### Work order
Pictures do not belong in the copy. Write out exactly the lines from the one containing "Bus Stop, Arizona, 2010." through the end of the data.

### Data supplied

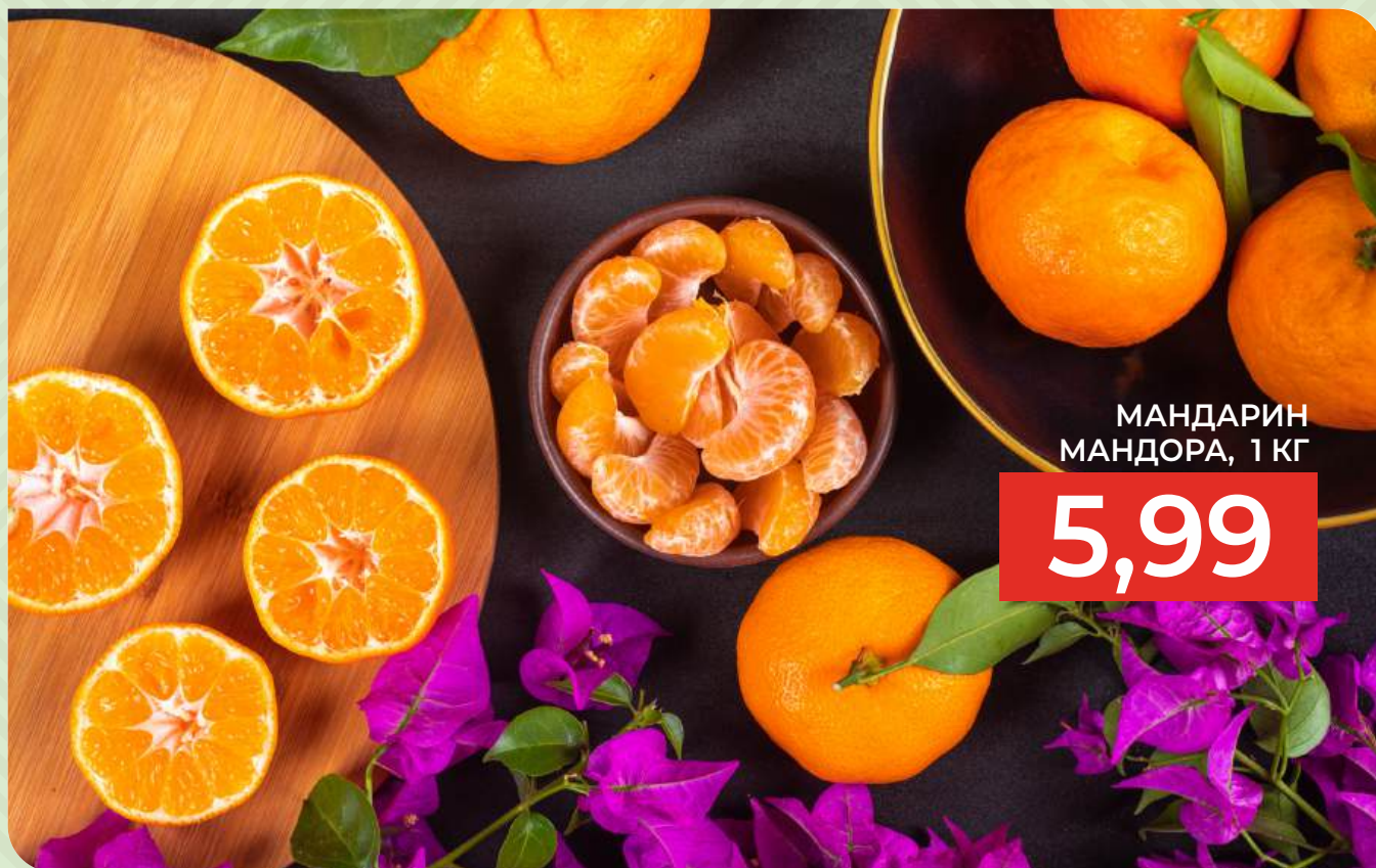
МАНДАРИН МАНДОРА, 1 КГ
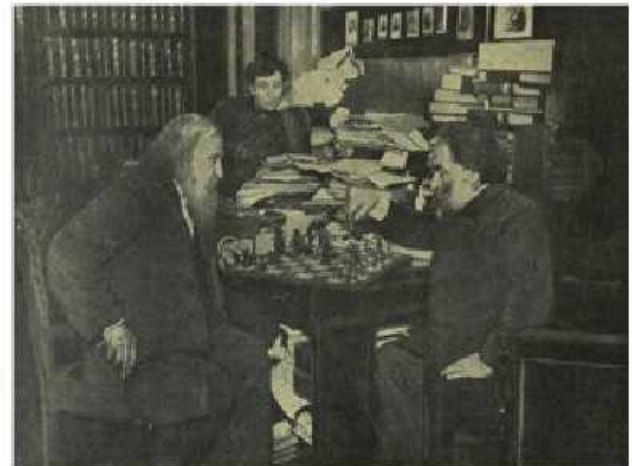
Mendeleev və Kuindji şahmat oynayırılar
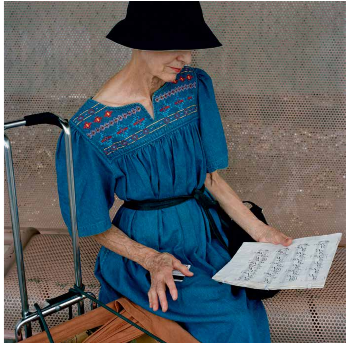
Bus Stop, Arizona, 2010.
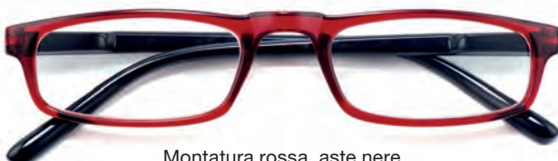
Montatura rossa, aste nere
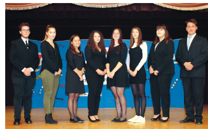
Rimóc Község Jó Tanulói

### Exercise answer
Bus Stop, Arizona, 2010.
Montatura rossa, aste nere
Rimóc Község Jó Tanulói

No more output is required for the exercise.